Прополз унылый ноябрь, как стылый полоз по шершавым полусгнившим бревнам колодезного сруба на заброшенном и всеми забытом хуторе. Полетели дни декабря, и почти сразу порадовали легким снежком, который тут же и растаял, но художники успели написать пару-тройку этюдов. Музыкантам от этих зимних радостей было совсем не тепло… знай, грей стынущие руки, да береди подушечки пальцев о звонкие, хлесткие струны. Да и клавиши тоже холодные! Как лед…
Давно ушла в декрет преподавательница специальности у художников в классе звезд и жемчужин, но их без опеки не оставили ни на один день.
Теперь класс вел художник, который совмещал преподавание в их школе со своей основной работой в училище. Жемчужинам повезло, впрочем, как и звездам. Оком профессионала художник мигом определил, что его предшественница Азиза Алиевна сформировала у каждого из своих учеников индивидуальный стиль.

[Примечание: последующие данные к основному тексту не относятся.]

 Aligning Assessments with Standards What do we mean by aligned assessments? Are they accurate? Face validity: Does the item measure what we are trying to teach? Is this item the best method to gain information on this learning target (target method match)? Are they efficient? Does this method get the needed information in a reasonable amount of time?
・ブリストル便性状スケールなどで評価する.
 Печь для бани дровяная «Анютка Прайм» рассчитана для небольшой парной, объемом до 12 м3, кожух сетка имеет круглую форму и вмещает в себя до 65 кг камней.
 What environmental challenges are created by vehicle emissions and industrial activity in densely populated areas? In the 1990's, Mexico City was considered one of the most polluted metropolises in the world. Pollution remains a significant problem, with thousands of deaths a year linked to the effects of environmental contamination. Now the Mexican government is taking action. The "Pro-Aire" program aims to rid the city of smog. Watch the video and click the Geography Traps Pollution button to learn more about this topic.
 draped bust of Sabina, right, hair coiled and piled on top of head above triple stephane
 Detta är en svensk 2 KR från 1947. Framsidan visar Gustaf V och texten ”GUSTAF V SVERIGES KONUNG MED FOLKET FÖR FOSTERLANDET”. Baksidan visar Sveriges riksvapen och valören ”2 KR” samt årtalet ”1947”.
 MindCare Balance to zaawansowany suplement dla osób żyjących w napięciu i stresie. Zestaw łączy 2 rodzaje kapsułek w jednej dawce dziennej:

И потому он взялся за дело исходя из принципа «Не навреди!»
— Акварели у детей, действительно, на уровне выпускников. А вот рисунок прихрамывает. Строить не все умеют. Ладно, это поправимо. Если же говорить о Камале Рахматуллаеве, Наде Зубовой, и, конечно, Эльвире Ахмедзяновой, то я буквально не поверил своим глазам!
— Да, дорогой, а ведь Ахмедзянова у нас всего третий месяц… — похвастался директор, — Всего третий месяц девочка учится, а? Вот ведь талант!

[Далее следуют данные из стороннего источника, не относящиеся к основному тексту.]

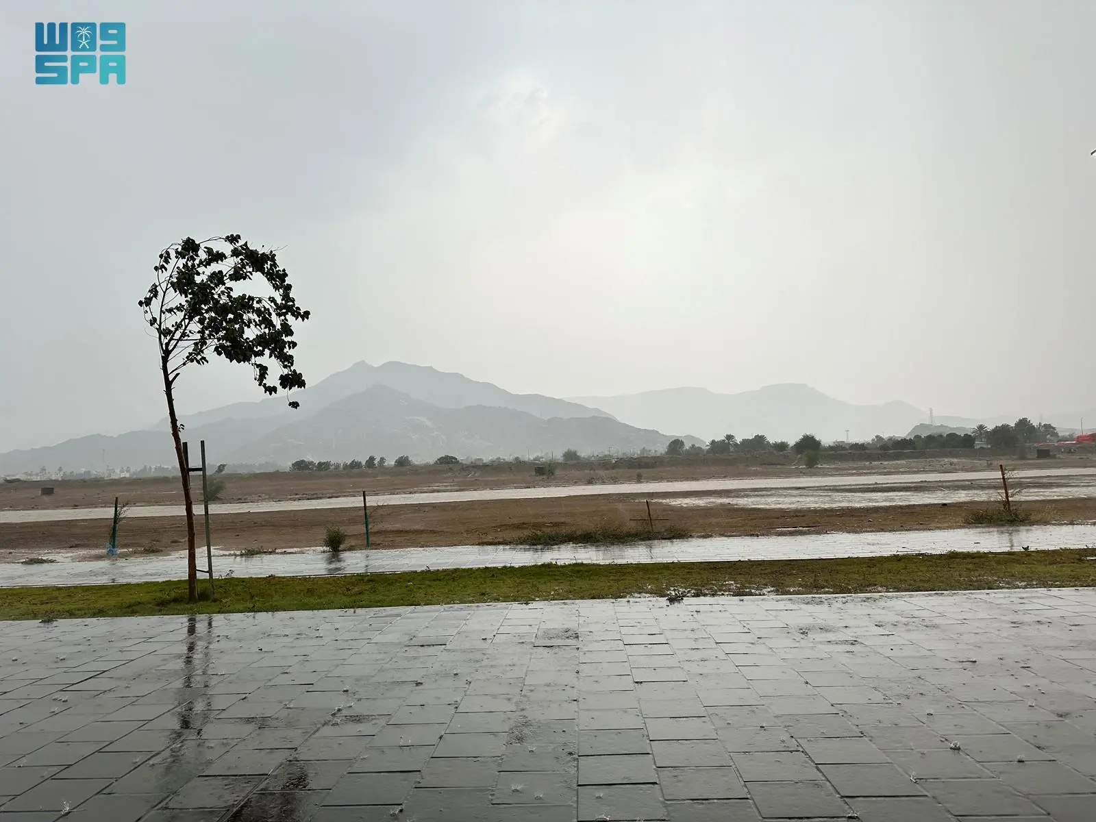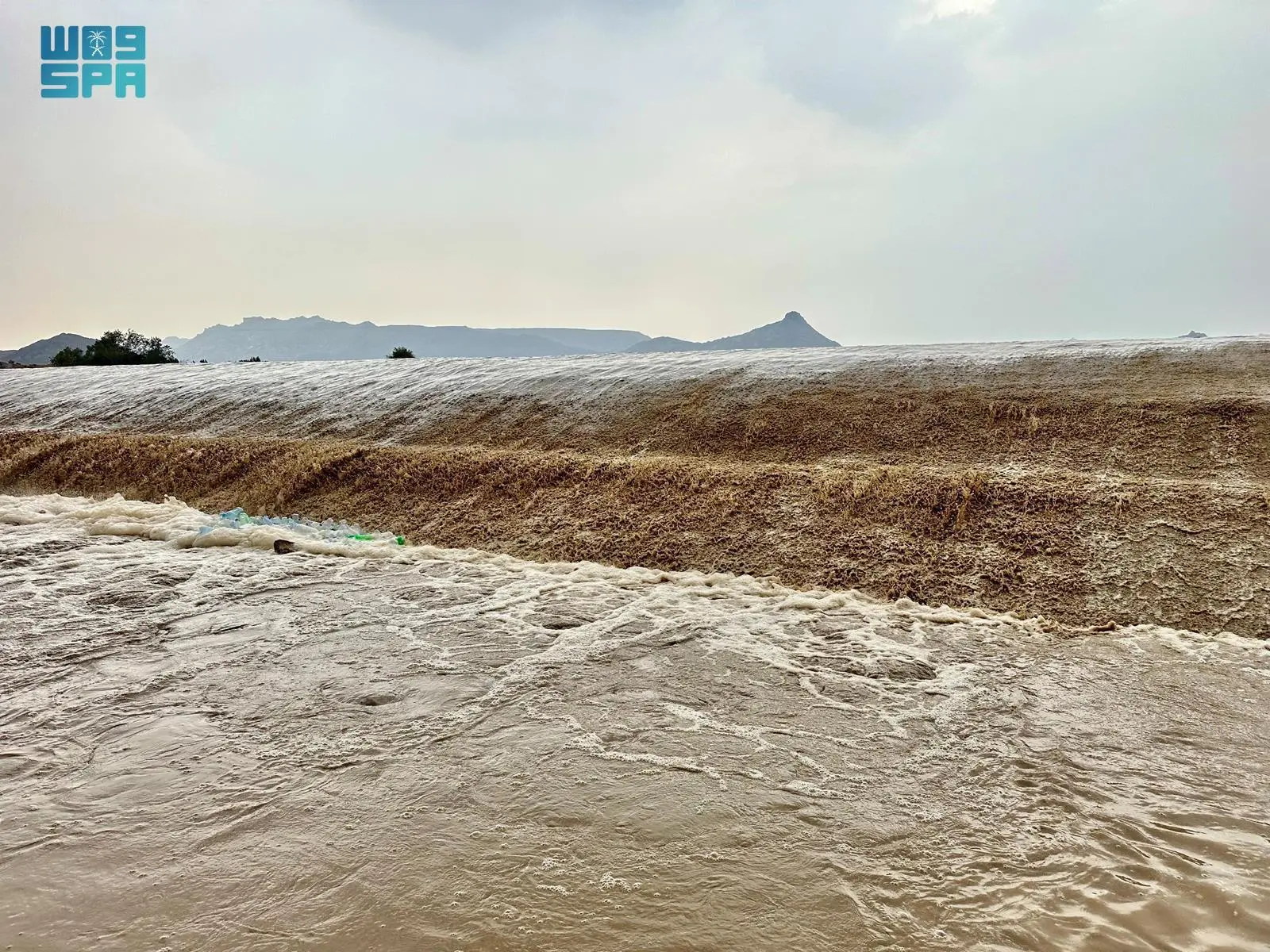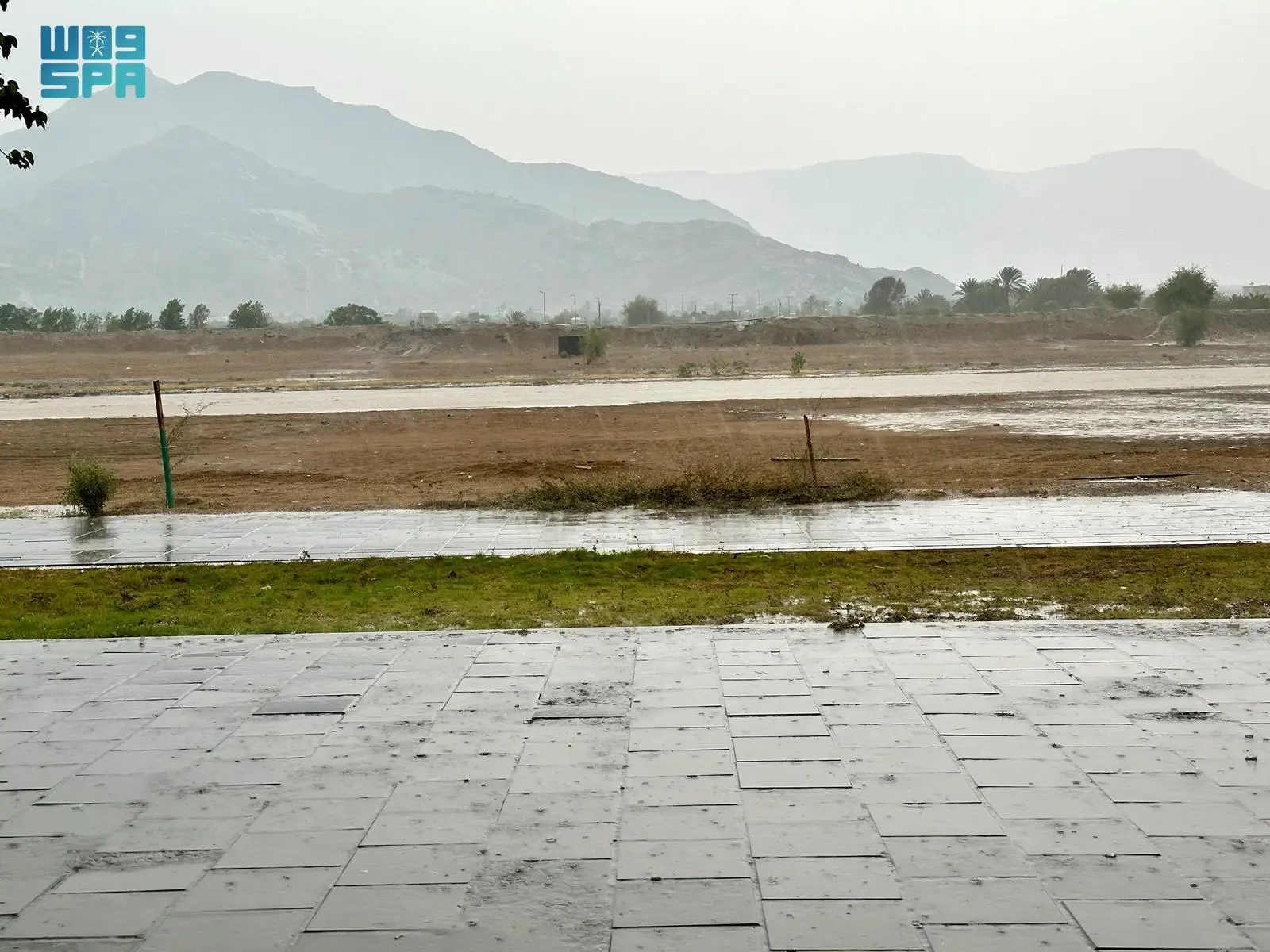 الأجواء الجميلة الممطرة تجذب المتنزهين إلى ضفاف وادي نجران

— Несомненно, — согласился художник, — Я таких учеников еще нигде не встречал, очень талантлива, очень…
— Я ее во дворце пионеров нашел! Не хотела уходить из прежней своей школы. Хорошо, мать меня поняла и выслушала. Ну, в татарских семьях с послушанием старшим нет проблем, только вот беда — тоскует девочка, никак не подружится ни с кем. Ну, да это я мигом исправлю!
Директор черкнул что-то в своем еженедельнике, а художник удивленно приподнял бровь и провел рукой по каштановой треугольной бородке.
— Как исправите? — спросил он и пристальнее оглядел своего собеседника, внешность — как внешность. Обычная, среднеазиатская. Кругловатое лицо, миндалевидные черные глаза, улыбка все еще белозубая, хотя седины в коротко стриженой шевелюре хоть отбавляй. Невысокий, плотный, немного кривоногий…Так ли выглядят могучие маги, способные исцелять человеческие особи от тоски?
— А! Вот сейчас покажу! — погрозил ему пальцем директор с лукавой усмешкой. — Только вы себя не выдавайте… Так и сидите за дверью, я в приемную выйду.
Директор вышел в приемную, не затворяя дверь своего кабинета и, не обнаружив там секретаршу, которую вечно, по его же выражению, где-то шайтан носил, открыл дверь в фойе и громко крикнул в гулкое пространство.
— Эй, маленький, позови Камала Рахматуллаева!
И обратился к художнику, затаившемуся за
дверью:
— Малыши все за ним хвостом бегают, чем уж только он их покорил…
— Вызывали, Рахим Ахмедович? — донесся до художника хрипловатый голос Камала.
— Вызывал, вызывал, сынок,- ласково отозвался директор. — Закрой-ка дверь, пока Халима где-то ходит, в приемной поговорим.
Рахматуллаев, судя по всему, закрыл дверь, звонкие детские голоса из фойе как отрезало.
— Что случилось, если опять про дневник Скляра, то я по-прежнему ничего не знаю…
— Знаешь, знаешь, скажи Скляру, пусть купит новый дневник, на вот пятьдесят копеек, передай ему. Школа потеряла, школа возмещает. Передай своему Скляру, пусть Илоне Бектемировне подает свой новый дневник для ее автографов.
— А если она его отца все-таки вызовет?
— Э! Не торгуйся! Я сам тогда его вызову, я на ковре вольником в молодости был, ну, и ремнем махать умею тоже!
— Он когда трезвый, так душа человек…
— Ладно, я тебе не о Скляре хотел сказать.
— О ком еще? Рахим Ахмедович, может, вы сами будете строить эти козни, лично, без моего посредничества?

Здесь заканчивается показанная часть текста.